- _Your objective_:
Write out the stretch of lines below that begins at the line with "Gifrer Huile d'Amandes" and ends at the line with "Este é o tonalizante", including both, exactly as given and nothing more.

- _Supplied entries_:
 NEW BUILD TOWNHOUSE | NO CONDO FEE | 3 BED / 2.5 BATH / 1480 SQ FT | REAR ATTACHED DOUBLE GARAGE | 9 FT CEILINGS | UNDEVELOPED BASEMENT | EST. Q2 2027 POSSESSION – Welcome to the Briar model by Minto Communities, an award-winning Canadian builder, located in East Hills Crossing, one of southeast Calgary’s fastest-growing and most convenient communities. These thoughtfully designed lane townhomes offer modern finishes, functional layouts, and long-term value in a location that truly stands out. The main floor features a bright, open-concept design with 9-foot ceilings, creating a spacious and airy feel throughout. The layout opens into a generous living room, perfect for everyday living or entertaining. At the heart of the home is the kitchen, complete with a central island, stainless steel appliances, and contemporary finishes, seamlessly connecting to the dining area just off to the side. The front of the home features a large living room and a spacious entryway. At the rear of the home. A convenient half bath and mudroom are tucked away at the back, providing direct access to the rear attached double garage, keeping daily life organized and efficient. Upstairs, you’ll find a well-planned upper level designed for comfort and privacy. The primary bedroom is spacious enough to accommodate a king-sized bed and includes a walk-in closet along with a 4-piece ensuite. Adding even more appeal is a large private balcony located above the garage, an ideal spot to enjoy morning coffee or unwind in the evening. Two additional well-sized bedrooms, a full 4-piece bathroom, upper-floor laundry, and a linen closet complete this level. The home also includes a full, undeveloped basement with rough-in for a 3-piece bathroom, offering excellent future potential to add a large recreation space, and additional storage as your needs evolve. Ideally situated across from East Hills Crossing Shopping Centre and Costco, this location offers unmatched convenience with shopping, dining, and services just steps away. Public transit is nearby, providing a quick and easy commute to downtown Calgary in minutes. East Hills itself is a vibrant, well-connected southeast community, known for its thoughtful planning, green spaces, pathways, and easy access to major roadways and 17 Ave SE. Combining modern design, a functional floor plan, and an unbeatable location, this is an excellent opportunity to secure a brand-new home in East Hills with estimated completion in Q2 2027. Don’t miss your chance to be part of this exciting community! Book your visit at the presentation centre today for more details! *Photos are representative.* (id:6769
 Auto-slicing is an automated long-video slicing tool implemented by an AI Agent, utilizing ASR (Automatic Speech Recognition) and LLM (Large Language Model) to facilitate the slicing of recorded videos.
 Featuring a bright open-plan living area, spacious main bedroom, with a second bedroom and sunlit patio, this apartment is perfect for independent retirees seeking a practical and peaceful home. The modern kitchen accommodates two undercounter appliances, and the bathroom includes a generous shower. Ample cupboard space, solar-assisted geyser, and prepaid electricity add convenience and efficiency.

--

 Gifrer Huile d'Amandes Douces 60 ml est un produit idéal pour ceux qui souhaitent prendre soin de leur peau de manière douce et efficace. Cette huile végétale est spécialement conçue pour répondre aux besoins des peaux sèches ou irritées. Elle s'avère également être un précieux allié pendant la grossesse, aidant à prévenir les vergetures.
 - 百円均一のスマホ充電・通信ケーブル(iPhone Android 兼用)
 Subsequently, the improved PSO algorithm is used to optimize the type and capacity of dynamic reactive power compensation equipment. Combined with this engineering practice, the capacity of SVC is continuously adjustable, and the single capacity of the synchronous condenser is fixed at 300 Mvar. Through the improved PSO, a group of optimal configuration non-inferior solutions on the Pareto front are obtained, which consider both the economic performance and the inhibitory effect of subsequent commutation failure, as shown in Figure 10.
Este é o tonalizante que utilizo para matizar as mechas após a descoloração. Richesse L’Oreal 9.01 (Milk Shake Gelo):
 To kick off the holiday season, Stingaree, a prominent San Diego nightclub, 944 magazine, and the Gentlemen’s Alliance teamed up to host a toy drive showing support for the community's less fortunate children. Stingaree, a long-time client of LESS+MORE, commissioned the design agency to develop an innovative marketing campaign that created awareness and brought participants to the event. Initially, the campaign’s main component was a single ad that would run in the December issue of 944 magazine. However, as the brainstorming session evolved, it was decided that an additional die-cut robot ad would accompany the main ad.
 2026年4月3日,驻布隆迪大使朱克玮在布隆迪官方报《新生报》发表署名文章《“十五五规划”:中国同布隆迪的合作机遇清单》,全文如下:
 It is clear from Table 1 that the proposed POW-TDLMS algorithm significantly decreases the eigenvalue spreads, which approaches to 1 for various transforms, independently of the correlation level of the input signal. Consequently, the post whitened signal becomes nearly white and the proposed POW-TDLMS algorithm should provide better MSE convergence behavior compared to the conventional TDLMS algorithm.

==

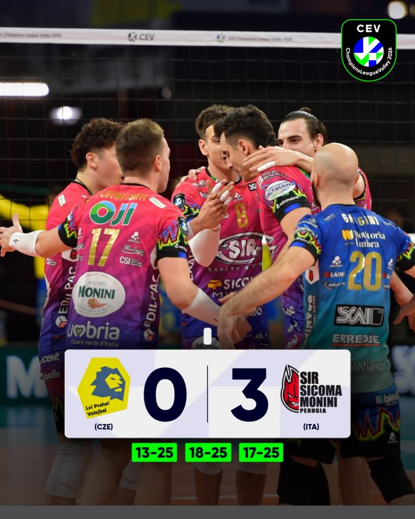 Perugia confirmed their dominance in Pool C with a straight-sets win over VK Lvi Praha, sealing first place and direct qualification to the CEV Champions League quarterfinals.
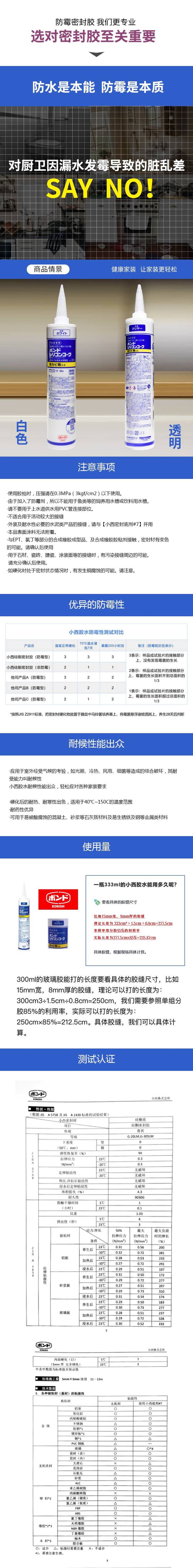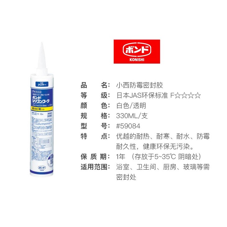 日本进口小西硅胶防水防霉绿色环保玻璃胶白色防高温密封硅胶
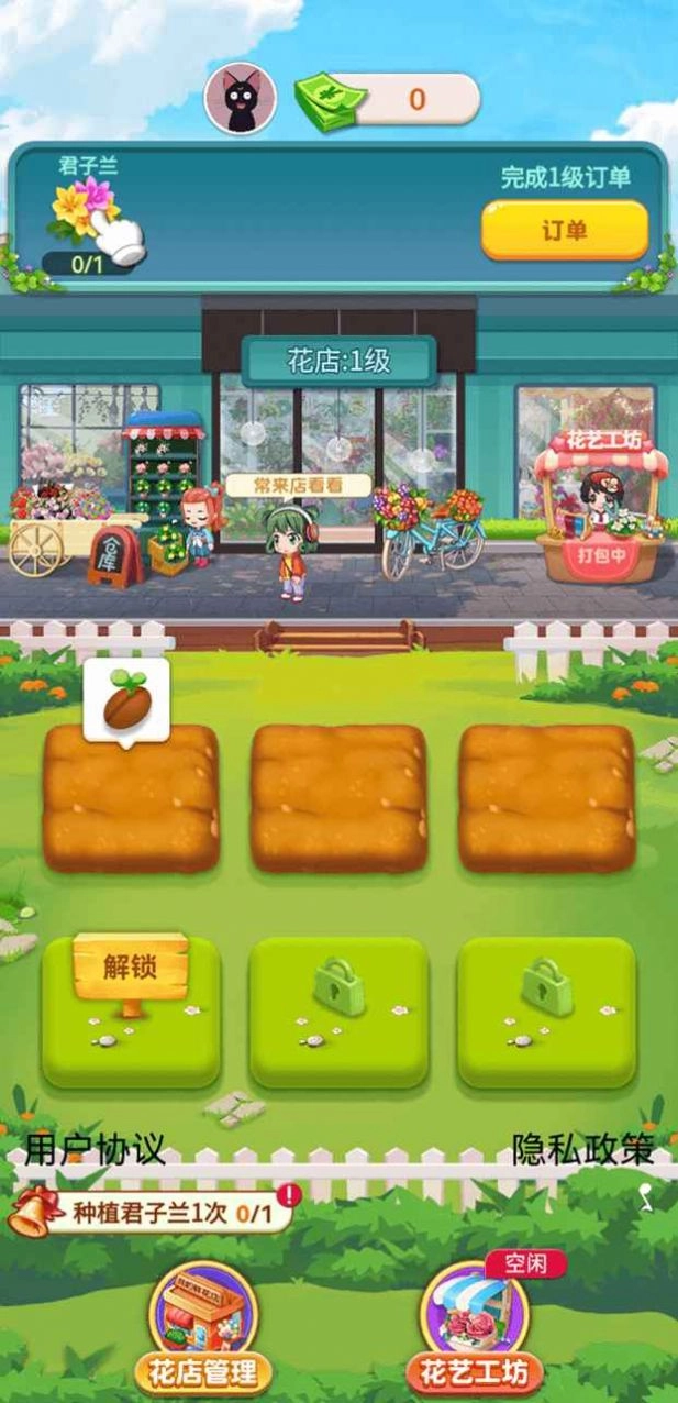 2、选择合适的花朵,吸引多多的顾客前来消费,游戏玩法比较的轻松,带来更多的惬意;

- _Written answer_:
 Gifrer Huile d'Amandes Douces 60 ml est un produit idéal pour ceux qui souhaitent prendre soin de leur peau de manière douce et efficace. Cette huile végétale est spécialement conçue pour répondre aux besoins des peaux sèches ou irritées. Elle s'avère également être un précieux allié pendant la grossesse, aidant à prévenir les vergetures.
 - 百円均一のスマホ充電・通信ケーブル(iPhone Android 兼用)
 Subsequently, the improved PSO algorithm is used to optimize the type and capacity of dynamic reactive power compensation equipment. Combined with this engineering practice, the capacity of SVC is continuously adjustable, and the single capacity of the synchronous condenser is fixed at 300 Mvar. Through the improved PSO, a group of optimal configuration non-inferior solutions on the Pareto front are obtained, which consider both the economic performance and the inhibitory effect of subsequent commutation failure, as shown in Figure 10.
Este é o tonalizante que utilizo para matizar as mechas após a descoloração. Richesse L’Oreal 9.01 (Milk Shake Gelo):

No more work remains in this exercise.